Similarly, I think Libertarians tend to be people who want to view themselves as "self made men", islands unto themselves, unbeholden to the restrictions of society or humanity, and measuring success by their ability to be masters of every single aspect of their entire lives, no matter how small or superfluous. They want to be able to do whatever they want, whenever they want it, for whatever reason, without having to ask anyone else's permission or consider anyone else's needs or wants.
Some of them want to be modern day Robinson Crusoes, not only surviving but thriving entirely by their own hands, with the rest of society existing somewhere off at a remove and therefor irrelevant to them. They will tell you they believe in maximal personal freedom for everyone, without betraying the slightest hint of comprehension that it's impossible for everyone to have unlimited freedom, because scarcity exists and eventually your freedoms must inevitably come into conflict with someone else's freedoms, as there simply aren't enough resources to let everyone live as lord of their own domain.

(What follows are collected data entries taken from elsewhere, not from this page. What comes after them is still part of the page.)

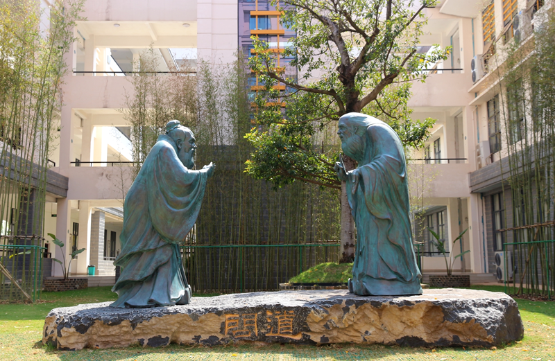 春暖花开,惠风和畅,大型青铜雕塑作品《问道》在星空彩票老版本下载仙葫校区落成。该作品由广西美协主席、我国著名雕塑家石向东教授及其团队创作。《问道》匠心独运地表现了老子、孔子两位中国先圣会晤的形象。这一向中国传统文化两座高峰致敬的作品伫立于学校教学楼西侧,成为我校新的人文景观、一抹夺目的亮色。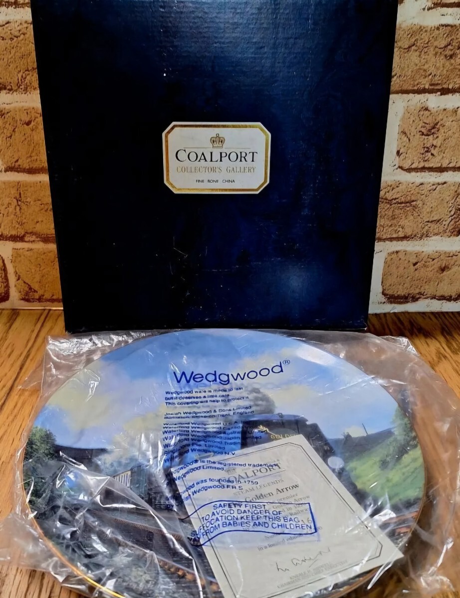 > 未使用!ウェッジウッド コールポート 絵皿 機関車 シリアルナンバー証明書付き!イギリス現地購入!プレートハンガー付き!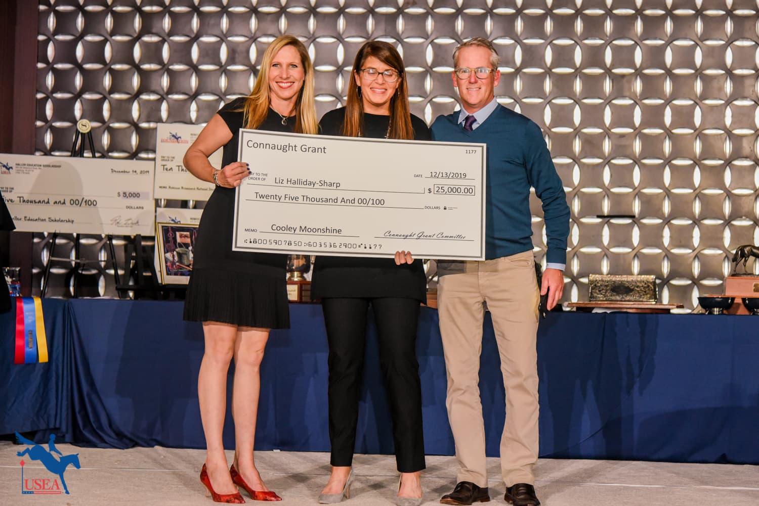 The Connaught Grant, now in its fourth year, is designed for a horse competing at the CCI2* or CCI3* level who shows potential to one day be on the U.S. Team and is presented in memory of Bruce Duchossois. Joanie Morris and Bobby Costello presented a check for $25,000 to Cooley Moonshine (Cobra x Kilpatrick Dutchess), a 7-year-old Irish Sport Horse owned by The Monster Partnership and ridden by Elisabeth Halliday-Sharp.

Others seem to recognize that fact, but are untroubled by it because they instead want to be modern day John Galts - "heroic" and "superior" beings who stand apart from the common man (often reviled as the "shirker", the "parasite", etc) and who shape the world to their whims, constrained only by competition from the other rival Übermenschen of the world. They understand that unlimited freedom for everyone is impossible - but they don't want it for everyone, they just want it for themselves, because clearly they are special and deserve it, unlike everyone else!
Personally I don't know what solution there is for the Libertarians of the world, other than to set aside some land for them as a sort of "Ultimate Freedom" zone where anyone who wants to can be airdropped into the desert with a basic set of survival gear, and then get to work creating an idealized life, unrestricted by society.
...and then get immediately set upon by whatever local gang or Mad Max style warlord has set up shop. What's that? That's not fair? Sure it is! It's the Ultimate Freedom zone! Everyone there has total liberty to do whatever they want! A gang tries to rob and kill you? Tough! That's their right, just as it's your right to try to defend your property and your life! If you lose that fight, you have only yourself to blame!
And the thing is, I actually imagine a shocking number of Libertarians would happily sign up to take their chances in such a zone, thinking that it'll all be fine and everything will work out for them because they are special, they are prepared, they won't be like the others. They can't all be right, but hey - once they drop into the zone, that's their problem, not ours!
The only issue is that any such zone would inevitably have a short lifespan - nature abhors a vacuum, and some local power will rise up and establish their own order, and suddenly it's no longer an area of ultimate freedom (id est, "Anarchy") but has become yet another repressive oligarchy or tin-pot dictatorship.